In this study, we introduce new techniques to further refine the temporal and spatial analyses of CVR images. First, the standard CVR model is compared to the convolution model using the speed of CVR response metric introduced in a previous study. Second, a new model is proposed that utilizes the existing speed metric to measure a time delay (TD). Lastly, a linear regression is applied to correct PVE. This method uses adjacent voxel CVR metrics in combination with their tissue composition to write the corresponding set of linear equations solving for CVR metrics derived from GM, WM, and CSF. This correction is applied to all CVR metrics and results are reported in the major vascular territories of 45 normal subjects before and after correction for PVE.

Materials and Methods

Subjects

This study was approved by the Research Ethics Board of the University Health Network and conformed to the Declaration of Helsinki. Written informed consent was obtained in all 45 healthy volunteers (20 women). The age range included 20 individuals between 20 and 30 years of age, 20 between 31 and 60 years of age, and 5 over 60 years old. Mean age for all subjects was 39.2 ± 16.5 years. Subjects were in good health, non-smokers, and taking no medication.

Vasodilatory Stimulus

Cerebrovascular reactivity was assessed by measuring the change in BOLD signal to a standardized change in end-tidal partial pressure of carbon dioxide (PETCO₂) as the vasodilatory stimulus. PETCO₂ and end-tidal partial pressure of oxygen (PETO₂) were targeted independently of each other and of the subjects’ minute ventilation and breathing pattern, by using an automated gas blender and sequential gas delivery breathing circuit (Slessarev et al., 2007) (RespirAct; Thornhill Medical, Toronto, ON, Canada). Targeted PETCO₂ and PETO₂ was achieved within 1–2 breaths by administering blends of gasses according to a previously described algorithms (Slessarev et al., 2007). The targeting sequence used in this study was as follows: (1) maintaining resting PETCO₂ for 2 min, (2) a step increase of 10 mmHg PETCO₂ above the resting level for 2 min, and (3) a step down decrease in PETCO₂ for 2 min back to the resting PETCO₂ level.

Image Acquisition

MR imaging was performed on a 3T system (Signa HDX GE Healthcare, Milwaukee, WI, United States) using an 8-channel phased array head coil. A BOLD acquisition was applied with the following parameters: gradient-echo, echo-planar sequence, TE/TR = 30/2,400 ms, 22.4 × 22.4 cm FOV, 64 × 64 matrix, 39 slices, 3.5 mm isotropic voxels, no interslice gap, 338 temporal frames, and 85°flip angle. For anatomical reference, a 3D T1-weighted inversion recovery fast-spoiled gradient-recalled sequence was used with the following parameters: TI/TR/TE, 450/8/3 ms; matrix size, 256 × 256; FOV, 22 × 22 cm; slice sickness, 1 mm; and flip angle, 15°.

Image Analysis

MRI and PETCO₂ data were transferred to an independent workstation and preprocessed using AFNI (Cox, 1996; Cox and Hyde, 1997) and Matlab 2015a.
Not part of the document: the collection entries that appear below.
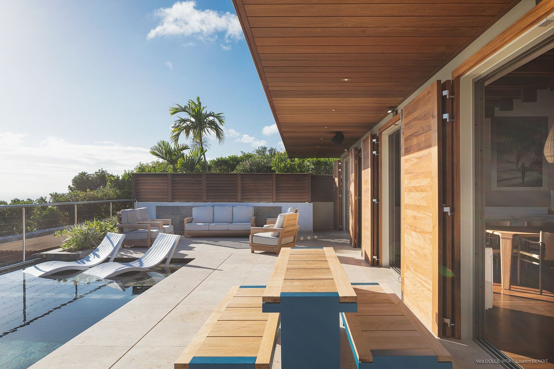 A Dolce Vita é uma Casa de luxo de recém-construídda que se destacada pelo seu design elegante, moderno, espaçoso e acolhedor, bem no estilo de St. Barth. Sua arquitetura é revestida de madeira e decorada com móveis confortáveis, colaborando para o desfrute da dolce vita!
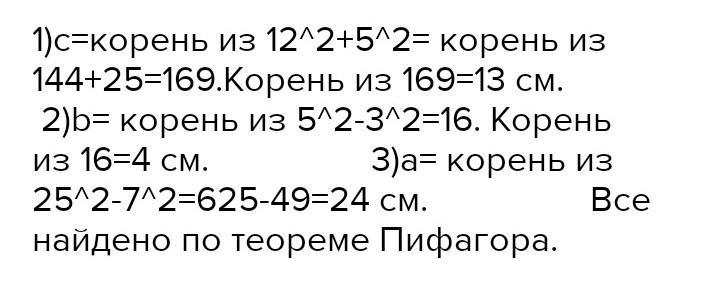 1.137. Найдите неизвестную сторону прямоугольн ого треугольника, если с - гипотенуза, а и b - катеты: 1) а = 12 см, b = 5 см; 2) а = 3 м, с = 5 м; 3) b = 7 м, с = 25 м.
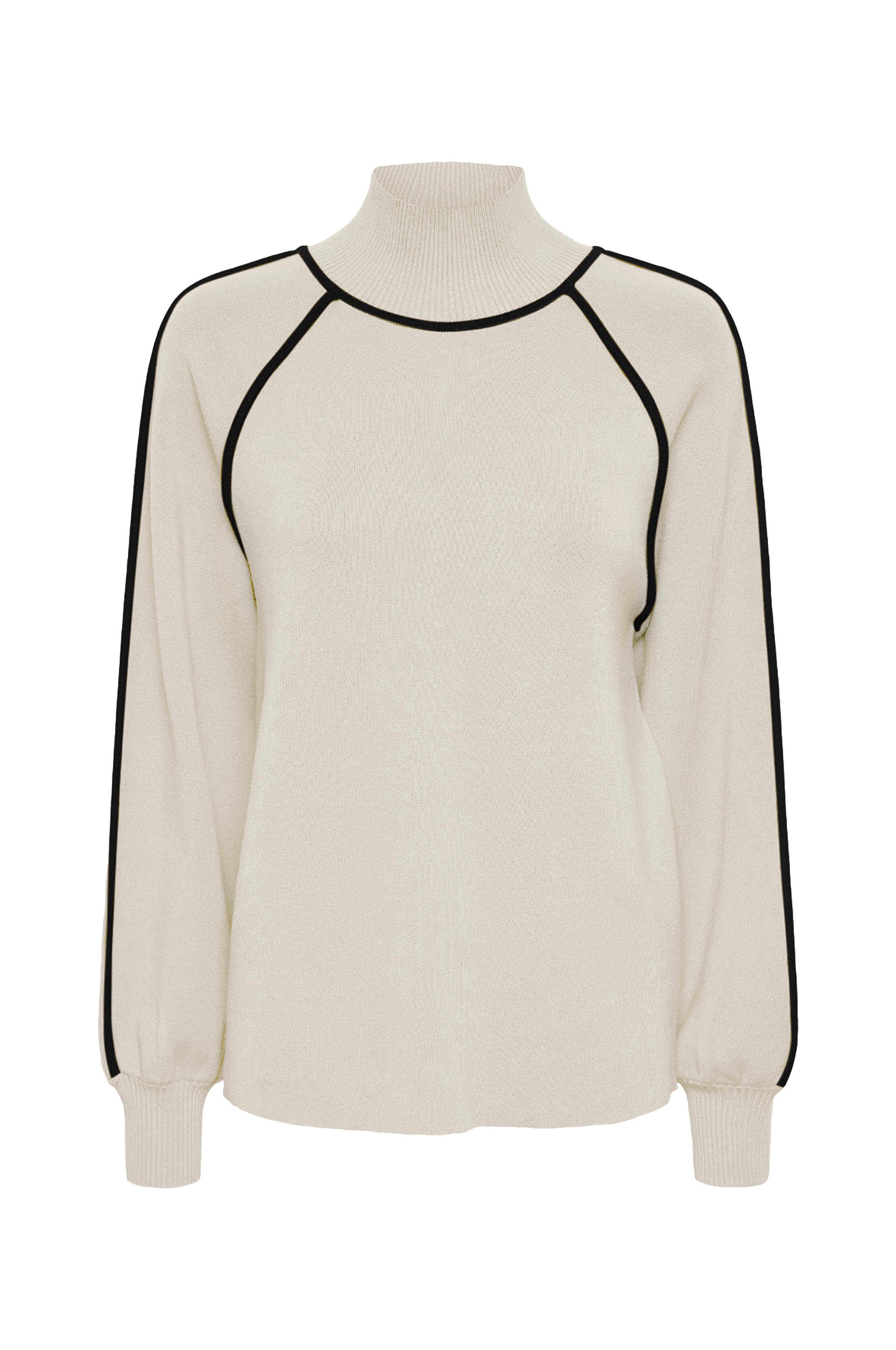 • Fintstrikket trøje med høj, ribstrikket krave• Ribstrik ved manchetterne og nederst• Noget bredere sømdetalje ved fronten, bagpå, rundt om halsen og på ærmerne
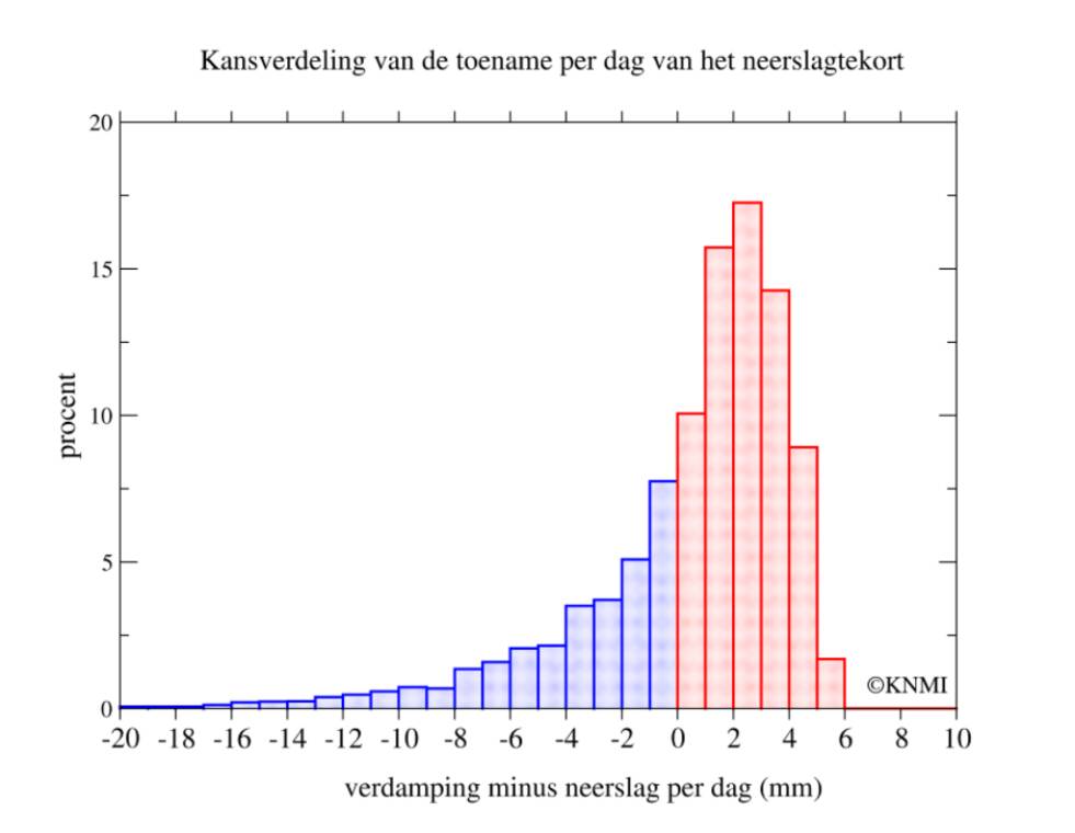 Het neerslagtekort gaat in het droogteseizoen gemiddeld omhoog, maar op dagen met veel neerslag gaat het tijdelijk omlaag. Uit de kansverdeling van het dagelijkse verschil tussen verdamping en neerslag (figuur 2) blijkt dat de verdamping op ongeveer 70 procent van de dagen groter is dan de neerslag (positief, rood) en op 30 procent kleiner (negatief, blauw). De verdamping neemt toe met de hoeveelheid zonnestraling en de temperatuur, en is op de zonnigste dagen maximaal 6 millimeter per dag (mm/dag). De afname van het neerslagtekort kan veel groter zijn, tot 16 mm/dag op dagen met veel neerslag, weinig zon, en dus weinig verdamping. De afnames zijn dus groter dan de toenames, maar komen minder vaak voor. Over alle dagen van april-september neemt het neerslagtekort toe met gemiddeld 0,5 mm/dag, oftewel 90 mm over de hele periode.

Functional BOLD images were volume registered, slice-time corrected, and co-registered to the anatomical T₁-weighted scan.

Standard CVR Model

PETCO₂ data were re-sampled and time-shifted to the point of coincidence between the rapid changes in PETCO₂ and BOLD signal using Matlab. Magnitude CVR (mCVR) was calculated on a voxel-by-voxel basis from the slope of a linear least-squares fit of the BOLD signal data series to the PETCO₂ values obtained from the RespirAct. For this regression, the rise of PETCO₂ and brain average BOLD signal were matched (Figures 1A1,A2). CVR is expressed as the percent change in BOLD signal per mmHg change in PETCO₂. BOLD signal drift was controlled by adding a linear trend in time to the model. The mathematical expression of this model is as follow:

$S\left(t\right)=mCVR\times P\text{ET}C{O}_2\left(t\right)+\alpha \times t+b(t)+\mathrm{\epsilon }\left(t\right)(1)$

FIGURE 1

Figure 1. Diagrams illustrating CVR metrics calculations. (A1) represents one voxel BOLD response (gray) to the step PETCO₂ (red). BOLD signal is regressed against PETCO₂ to obtain its slope, mCVR (A2). The PETCO₂ is then convolved with an exponential function of time characteristic TAU that is chosen to maximize the correlation with the BOLD response (B1). BOLD signal is then regressed against the convolved PETCO₂ to obtained its slope, ssCVR (B2). The convolved PETCO₂ is then shifted to obtain maximum correlation with the convolved PETCO₂. This shift corresponds to TD (C1) and the adjusted regression is represented in (C2). Notes that for each of the regressions (A2,B2,C2), BOLD signal drift is added to this model as a linear trend. For simplification, it is not represented here.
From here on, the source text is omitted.